Let’s take a quick look at the role of depreciation. Depreciation apportions the cost of an asset over its useful life and uses different depreciation schedules depending whether its residential investment property such as apartment complexes or commercial investment property such as triple net retail buildings, malls, distribution centers, warehouses, office buildings, etc.
Residential investment income real property (including apartment complexes) is generally depreciated over 27.5 years and commercial income real property is generally depreciated over 39 years.
However, personal property has always been allowed accelerated depreciation. Generally, on a five, seven or fifteen-year schedule, but in some instance, 100% in the first year of ownership.
IRS Acceptable Cost Segregation Study
This accelerated method of depreciation is determined by a cost segregation study. Meaning that an owner / investor can have a cost segregation study conducted to reclassify assets from real property to personal property to obtain tax benefits due to the accelerated depreciation periods. The Tax Reform Act of 2018 allows certain assets to be depreciated 100% in the first year.
The IRS requires that an actual study be performed by companies or accounting firms who specialize in this area and employ engineers and/or construction management professionals to construct a valid IRS acceptable cost segregation study. So, a sizable tax deduction can be generated by reclassifying certain real property, sec 1250 to personal property, sec 1245.

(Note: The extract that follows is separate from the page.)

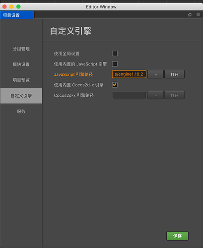 「项目->项目设置->自定义引擎->javascript引擎路径」

Also keep in mind that land can’t be depreciated, only the improvements.
Additionally, the quicker depreciating after a cost segregation study under the new Tax Reform can potentially create tax consequences when the property is sold at some later date. If items are depreciated to a zero basis and those items have a value when sold the seller will potentially have to recapture the prior deprecation to the extent of the gain as ordinary income.
A primary reason that c-stores, convenience stores such as 7 Elevens and Circle Ks are such a popular asset is that generally the gas dispensing equipment, including tanks, dispensing pumps, check out registers can be depreciated on a seven-year schedule.
What I’ve presented above is only a rough brief overview and as always, consult with your tax professional for details.
Whether you’re making a commercial real estate investment in Santa Monica, Los Angeles, Columbus, Ohio or anywhere in between, strategies such as the above can save you significant tax dollars in the shorter term. In the end, the IRS always wins.